Additionally, versioned backups help fight not only hardware failures and stupid user tricks (I do something dumb about once a week), but these versions mean a corrupted file gets more time to be noticed. Once had to go back 37 days in my versioned backups to restore a corrupted database. Nobody would keep 37 images. They might keep 4 - say one a week. With malware, versioned backups will make it clear when thousands of files become crypt-locked. Chances are that the size of the backups will become 2x the current size. I get daily reports about system backups and 2x a size increase for most systems would jump out. To be more effective against malware, it would be better to have a different backup server that "pulls" the backups. Just ensure that no clients have direct, unauthenticated, access to the backup server. The backup server would create the connection and pull the files to be backed up. This is a more advanced method.
Https://ubuntuforums.org/showthread....9#post14049979 has a very small backup example that is good for 1 user's HOME directory. It is a start.
For a full system backup, something like:
Code:
$ sudo rdiff-backup
--exclude-special-files \
--include /usr/local --include /etc --include /home --include /root \
--exclude '**' / /Backups
$ sudo rdiff-backup --remove-older-than 90d --force /Backups
would handle many needs. Just be certain to put the list of manually installed packages in a text file that gets included in the backups. The 2nd command is what limits the number of versions to 90 days. rdiff-backup will use perhaps, 1.4x the original storage to provide 90days of daily, versioned, backups.
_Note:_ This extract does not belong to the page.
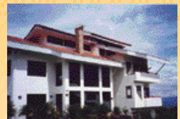
Gorgeous views, landscaped gardens, tennis court $350,000 (H-611-H)

Remove the sudo, put those commands into root's crontab and you can have daily, automatic, versioned, backups for most systems.
Do a little test with just /etc/ in the includes. Do the first run, change a few times in /etc/ and run it again. Go look at what happens in the /Backups directory. The last backup looks like a mirror.
Run
Code:
rdiff-backup --list-increments /Backups
and
Code:
rdiff-backup --list-increment-sizes /Backups
If you have multiple systems to backup, put each into a different directory. I use /Backups/{hostname}/ to keep them all straight.
Restores can be just a simple copy using any tool you like. If I need the most recent backup restored, I can use rsync, but I'll typically use rdiff-backup --restore-as-of now /Backups / . Note how the source is now the backup area and the target is where I want stuff placed?
Of course, the commands can be more complex with all sorts of special included files, excluded file and it might be good to generate some updated system information before each daily backup to be included. Here's what I capture.
Code:
# ls /root/backup
apt-mark.auto cpan.list crontab.root gem.list mcpan.list lshw.list new-manual
apt-mark.manual crontab.thefu dpkg.list installed-pkgs new-auto parted.txt
lvs vgs pvs
I may not need the information, but it could be very important too. Just depends on what the failure was which is causing a restore.